Explain how topoisomerase I causes a break in the ssDNA?

Answer 44

It covalently attaches to the DNA’s 5’ phosphate group resulting in the breakage of the phosphodiester linkage in the DNA strand. The two strands can now rotate relative to each other and this relieves the accumulated strain.

Question 45

How is the DNA strand reformed by topoisomerase I?

Answer 45

The original phosphodiester bond energy is stored in the phospho-tyrosine linkage making the reaction reversible.

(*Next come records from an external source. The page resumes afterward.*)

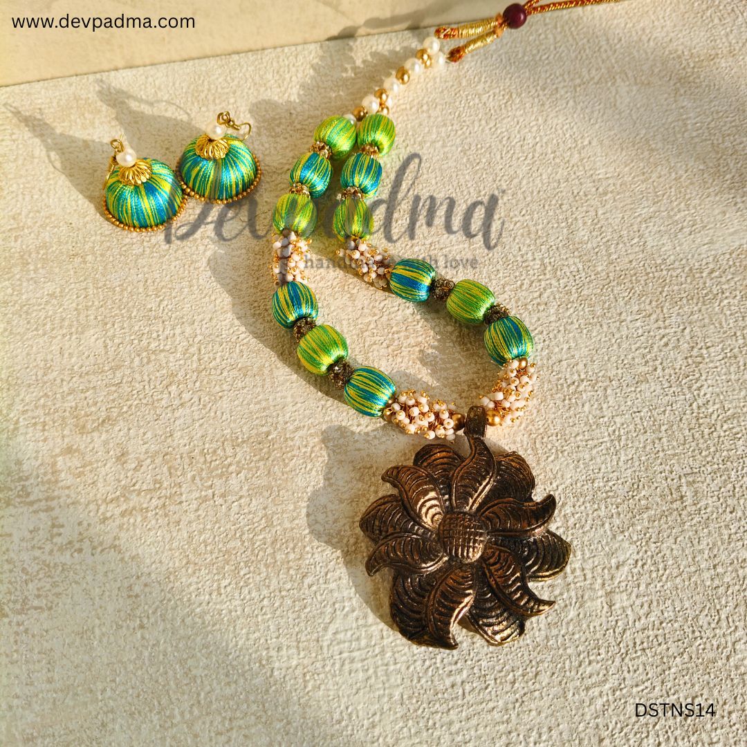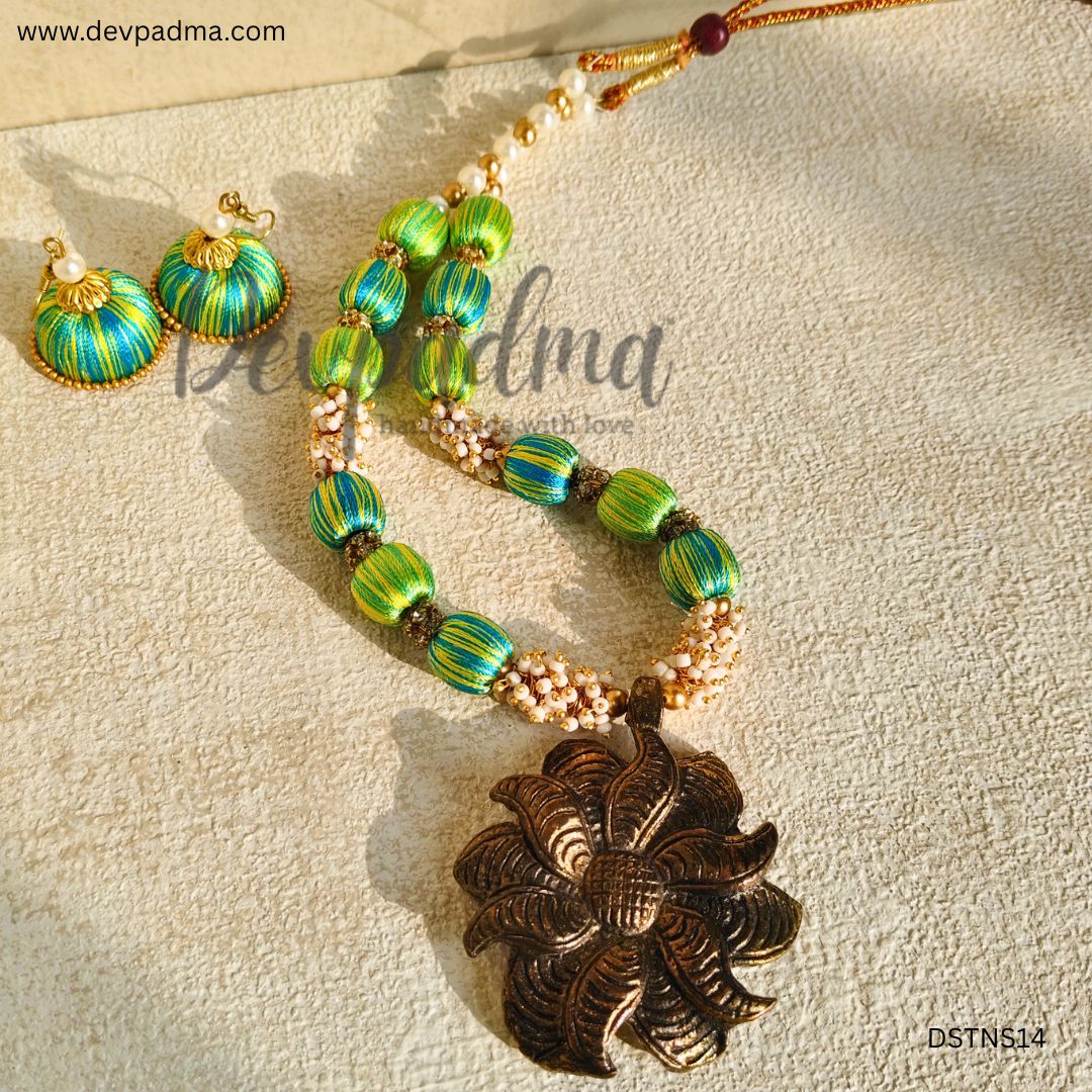 Unleash your colorful side with this Light Green & Blue Silk Thread Necklace Set, beautifully handcrafted with love and precision. The set includes a stunning necklace featuring a large ethnic brass-plated floral pendant and matching jhumka earrings. Whether you’re dressing for a festive celebration or a traditional ceremony, this set is sure to make a vibrant statement.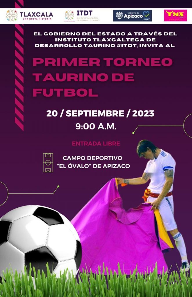 Los toros y el fútbol se empalmarán con el “Primer Torneo Taurino de Fútbol”, el campo deportivo “El Ovalo” de la ciudad de Apizaco será la sede dónde el próximo 20 de septiembre a partir de las 9 de la mañana se realice esta primera edición del torneo, promovido por el gobierno del estado a través del Instituto Tlaxcalteca de Desarrollo Taurino.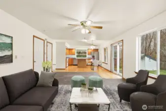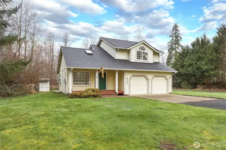 Discover this beautiful 3bd/2.5 bath Olympia home nestled on 9.49 peaceful acres, welcoming you with soaring vaulted ceilings and abundant natural light, featuring a spacious living room, an inviting kitchen with dining area and charming garden window, a cozy family room with propane fireplace, plus a convenient laundry room and half bath on the main level, while upstairs offers a generous primary suite, a full bath with skylights and roomy closet, along with two additional bedrooms and another full bath; recent updates include the roof and septic system, and year-round comfort is ensured with an electric furnace and heat pump for warmth in winter and cool relief in summer, all complemented by a 2-car garage with roof racks, and a huge partially fenced backyard with a large entertaining patio, raised garden beds, well pump house, and endless acres of stunning Northwest scenery, all just minutes from schools, shopping, entertainment, I-5, and JBLM.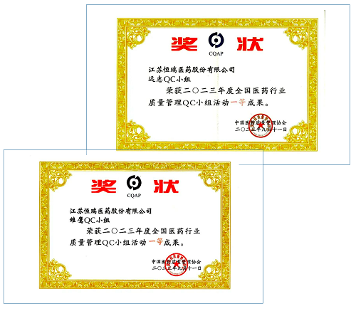 世界杯官方网站入口荣获2023年度全国医药行业质量管理QC小组活动一等奖
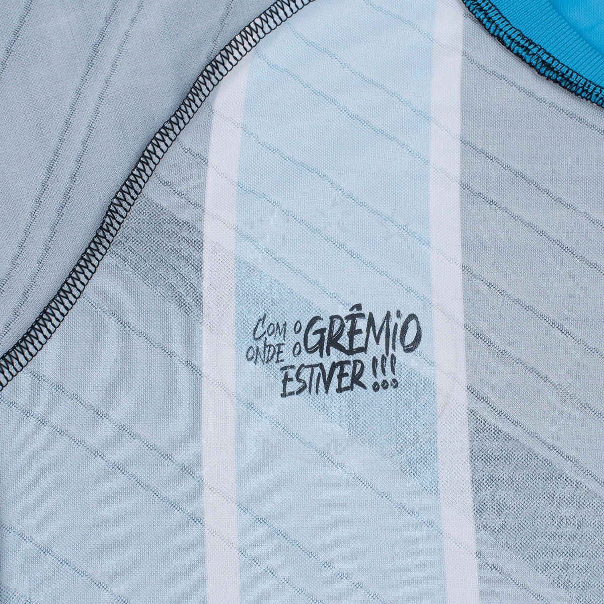 Escudo em TPU 3D “vitrificado” com a estampa interna ""Com o Grêmio onde o Grêmio estiver"", simbolizando a paixão e a lealdade do torcedor;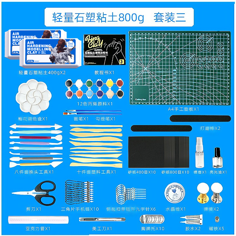 轻量石塑黏土diy全套装工具材料包成品批发亮油戒指免烤石塑粘土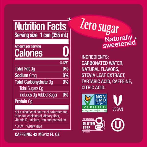 Carbonated Water, Natural Flavors, Stevia Leaf Extract, Tartaric Acid, Caffeine, Citric Acid.

The phosphodiester bond spontaneously reforms, this regenerates the DNA helix and topoisomerase I.

Question 46

What is the main problem with DNA polymerase in DNA replication?

Answer 46

It cannot initiate synthesis it can only add nucleotides to the 3’ end.

Question 47

Which enzyme initiates synthesis of a new DNA strand?

Answer 47

DNA primase.

Question 48

How does DNA primase initiate replication?

Answer 48

It catalyses synthesis of a short RNA primer at the origin of replication, then stops. (Unlike DNA polymerase, it can start a new polynucleotide chain by joining two ribonucleotides together).

Question 49

What are DNA helicase and DNA primase together called?

Answer 49

Primosome.

Question 50

What is the τ subunit for in DNA polymerase III?

Answer 50

Dimerisation of the core polymerases.

Question 51

Why is DNA polymerase III more processive than DNA polymerase I?

Answer 51

The high processivity is provided by the β subunits of DNA polymerase III, which encircle the DNA and act like a clamp that keeps the DNA polymerase III complex tethered to the DNA template during elongation.

Question 52

How do eukaryotes overcome the problem of replicating such a large genome in a reasonable time frame?

Answer 52

By having multiple origins of replication, spaced about 30,000 base pairs apart.